Open the exercises/2-foundations-of-rust/4-traits-and-generics/1-local-storage-vec crate. It contains a src/lib.rs file, meaning this crate is a library. lib.rs contains a number of tests, which can be run by calling cargo test. Don't worry if they don't pass or even compile right now: it's your job to fix that in this exercise. Most of the tests are commented out right now, to enable a step-by-step approach. Before you begin, have a look at the code and the comments in there, they contain various helpful clues.

2.4.1.A Defining the type ⭐

Currently, the LocalStorageVec enum is incomplete. Give it two variants: Stack and Heap. Stack contains two named fields, buf and len. buf will be the array with a capacity to hold N items of type T; len is a field of type usize that will denote the amount of items actually stored. The Heap variant has an unnamed field containing a Vec<T>. If you've defined the LocalStorageVec variants correctly, running cargo test should output something like

running 1 test
test test::it_compiles ... ignored, This test is just to validate the definition of `LocalStorageVec`. If it compiles, all is OK

test result: ok. 0 passed; 0 failed; 1 ignored; 0 measured; 0 filtered out; finished in 0.00s

This test does (and should) not run, but is just there for checking your variant definition.

Hint 1 You may be able to reverse-engineer the `LocalStorageVec` definition using the code of the `it_compiles` test case.

Hint 2 (If you got stuck, but try to resist me for a while)

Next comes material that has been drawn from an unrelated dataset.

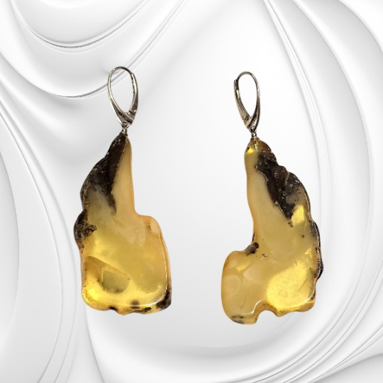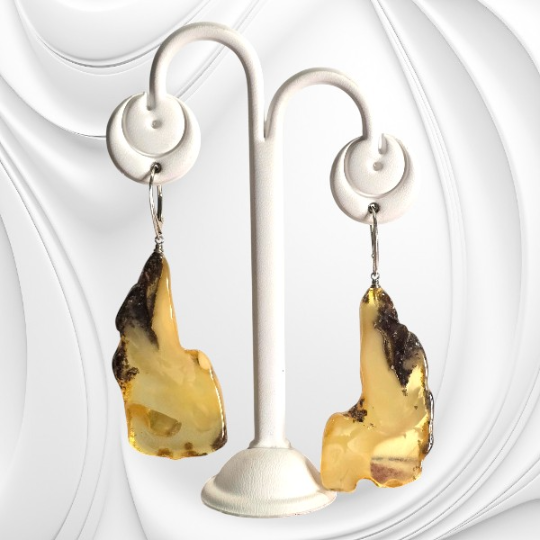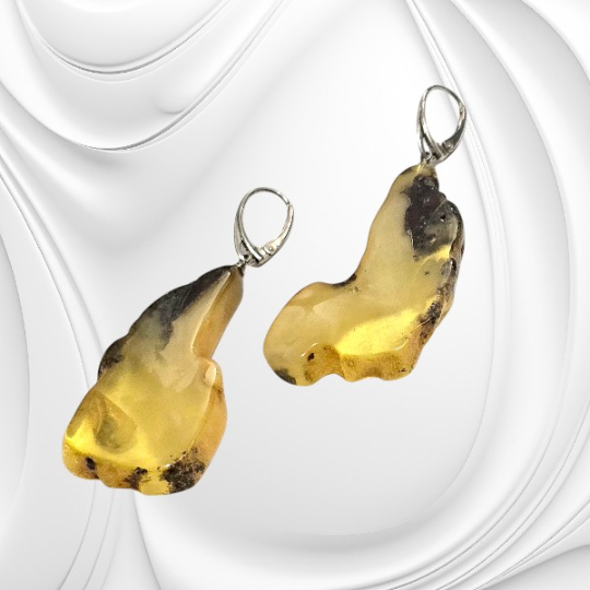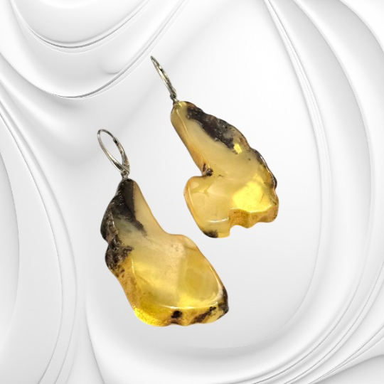 Unikatowe kolczyki z naturalnego bursztynu ze srebrnym zapięciem typu angielskiego. Bałtycki bursztyn, ponadczasowa elegancja i bezpieczne zapięcie.

Below definition works. Read the code comments and make sure you understand what's going on.

#![allow(unused)]
fn main() {
// Define an enum `LocalStorageVec` that is generic over
// type `T` and a constant `N` of type `usize`
pub enum LocalStorageVec<T, const N: usize> {
    // Define a struct-like variant called `Stack` containing two named fields:
    // - `buf` is an array with elements of `T` of size `N`
    // - `len` is a field of type `usize`
    Stack { buf: [T; N], len: usize },
    // Define a tuple-like variant called `Heap`, containing a single field
    // of type `Vec<T>`, which is a heap-based growable, contiguous list of `T`
    Heap(Vec<T>),
}
}

2.4.1.B impl-ing From<Vec<T>>

Uncomment the test it_from_vecs, and add an implementation for From<Vec<T>> to LocalStorageVec<T>. To do so, copy the following code in your lib.rs file and replace the todo! macro invocation with your code that creates a heap-based LocalStorageVec containing the passed Vec<T>.

#![allow(unused)]
fn main() {
impl<T, const N: usize> From<Vec<T>> for LocalStorageVec<T, N> {
    fn from(v: Vec<T>) -> Self {
        todo!("Implement me");
    }
}
}

Question

  1. How would you pronounce the first line of the code you just copied in English?*

Run cargo test to validate your implementation.

2.4.1.C impl LocalStorageVec ⭐⭐

To make the LocalStorageVec more useful, we'll add more methods to it. Create an impl-block for LocalStorageVec. Don't forget to declare and provide the generic parameters. For now, to make implementations easier, we will add a bound T, requiring that it implements Copy and Default. First off, uncomment the test called it_constructs. Make it compile and pass by creating a associated function called new on LocalStorageVec that creates a new, empty LocalStorageVec instance without heap allocation.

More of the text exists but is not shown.